Bllleeeuuurrrggghhhh Humbug

In my 20s, I would have spent most of New Year’s Day in bed because I didn’t go to bed until the Day was well under way. A little later, a hangover might have kept me in bed all day. Then with the advent of kids, no days could be spent in bed, least of all New Year’s. Now I’m 50, New Year’s Day has been spent largely in bed dealing with cancer treatment side effects.

Yes, the Tamoxifen has kicked in, keeping the cancer from returning but bringing with it headaches, dizziness, all-over aching, that pukey feeling, and chain-yawning tiredness. I couldn’t help but crawl under the duvet after lunch and stay there until dinner. 

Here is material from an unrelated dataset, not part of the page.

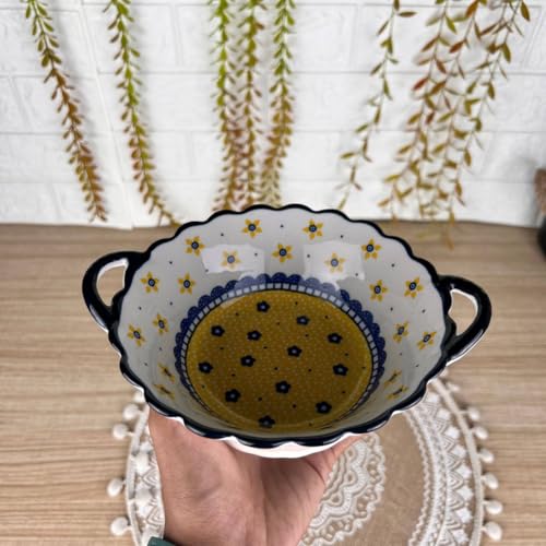 • تصميم مصنوع يدويًا: بولة تقديم مصنوعة من السيراميك جميلة مزخرفة بنقوش زهرية باللونين الأصفر والأزرق الكحلي مع حواف متموجة أنيقة لإطلالة راقية.

Since my last post, I have received three letters from the hospital (by ‘the hospital’, I now mean Bart’s rather than the Homerton, as my care has transferred post-surgery). The first told me that my appointment with the radiotherapy team is on Friday 27 January. Oh, I thought, I expected it would be sooner than that. Not sure what to make of that, but my impatient patient syndrome is getting jumpy. I’m choosing to believe that the 4-week wait is because they have no grounds for urgency and not because of lack of resources.

Then I got another two inviting me to appointments with the oncologist on Thursday 6 and Monday 16 January. It’s not that I had been expecting these earlier or later – I hadn’t been expecting them at all. Another, and slightly longer and more puzzled, Hmmm. Perhaps something has come up on my blood tests.

I’m glad, though – if these side-effects continue, then a session with the onco is just what the doctor ordered.